Oct. 25 (Bloomberg) -- Potash Corp. of Saskatchewan Inc., the world’s largest fertilizer producer, cut its 2012 earnings forecast because of reduced sales of its namesake crop nutrient to China and India.
Earnings, excluding an impairment charge related to an investment in Sinofert Holdings Ltd., will be $2.40 to $2.60 a share, the Saskatoon, Saskatchewan-based company said today in a statement. Potash Corp. said Oct. 17 that full-year results were expected to fall below its previous guidance of $2.80 to $3.20 a share. Analysts projected profit of $3.04 a share, the average of 27 estimates compiled by Bloomberg.
“China’s potash consumption has been strong, but it has been meeting its recent needs through domestic production, inventory withdrawals and rail deliveries” from Russia, Chief Executive Officer Bill Doyle said today on a conference call. He said he expects China to renew its supply contract with North America’s largest producers by the end of this year, and gave no forecast for when India would sign a new supply deal.
Potash Corp., Mosaic Co. and Agrium Inc., North America’s largest fertilizer producers, negotiate offshore potash exports through Canpotex Ltd., their jointly owned international trading arm.
Potash Corp. fell 0.3 percent to C$40.17 at the close in Toronto. The shares have declined 4.6 percent this year.
Sales of potash, which helps strengthen plant roots and improve resistance to drought, generated 64 percent of the company’s gross profit last year, according to data compiled by Bloomberg.
“The question in the potash market and in our outlook for the balance of the year continues to be the timing of new supply contracts with China and India,” Doyle said on the call.
The delayed contract renewals led to a 25 percent decline in third-quarter shipments from North American producers to offshore markets, the company said in the statement.

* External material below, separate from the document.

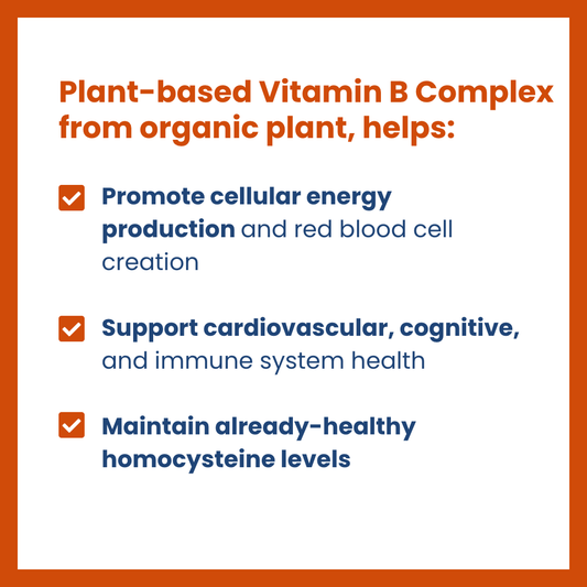 Regular price $19.97Regular priceUnit price / perSale price $19.97Plant-based B vitamin complex with active folate and vitamin B12, helps promote cellular energy, health, brain, and immune health.

Doyle declined to update Potash Corp.’s 2013 outlook for global potash shipments. Last month, the company forecast shipments of as much as 60 million metric tons.

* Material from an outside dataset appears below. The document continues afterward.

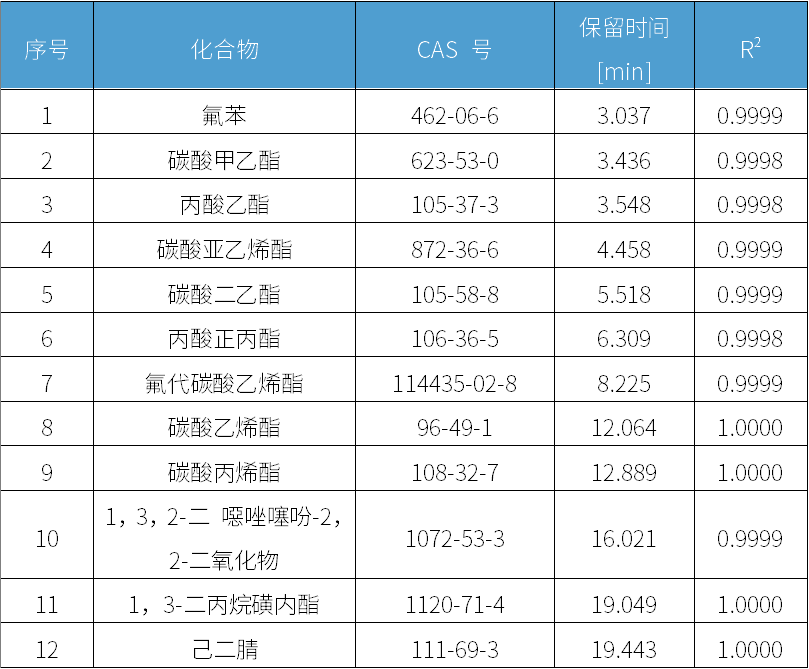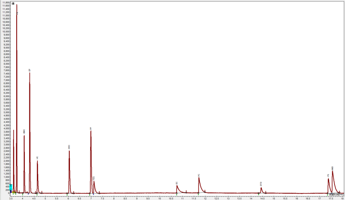 使用赛里安456i气相色谱仪搭配FID检测器对锂电池电解液中12种有机化合物进行检测。该方法满足于锂电池电解液组分分析要求,具有灵敏度高,重复性好,线性好,检测结果准确可靠操作方便等优点。

The company today forecast the global fertilizer industry will ship 50 million to 52 million tons of potash this year. That’s down from 53 million to 56 million tons predicted in July.
Third-quarter net income dropped 22 percent to $645 million, or 74 cents a share, from $826 million, or 94 cents, a year earlier, the company said today. Per-share profit was one cent less than the average of 22 estimates compiled by Bloomberg.

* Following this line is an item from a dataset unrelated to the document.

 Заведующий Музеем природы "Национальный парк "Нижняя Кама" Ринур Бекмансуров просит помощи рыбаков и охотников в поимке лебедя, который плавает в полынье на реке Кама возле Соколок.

Revenue fell 7.7 percent to $2.14 billion from $2.32 billion a year earlier. The company, which also makes nitrogen-and phosphate-based nutrients, sold 2.1 million metric tons of potash in the quarter, down from 2.2 million a year earlier.
The company said this month it will halt production at two of its potash mines in Saskatchewan for about eight weeks each. The Rocanville mine will be idle from Dec. 2 to Jan. 26 while Lanigan will shut Nov. 18 to Jan. 12, the company said.
Doyle said he expects there will be further production curtailments.
“Potash is cutting production volumes to match demand,” John Hughes, a Toronto-based analyst at Desjardins Securities Inc., said today by telephone. “Ultimately, lower potash production means lower sales.”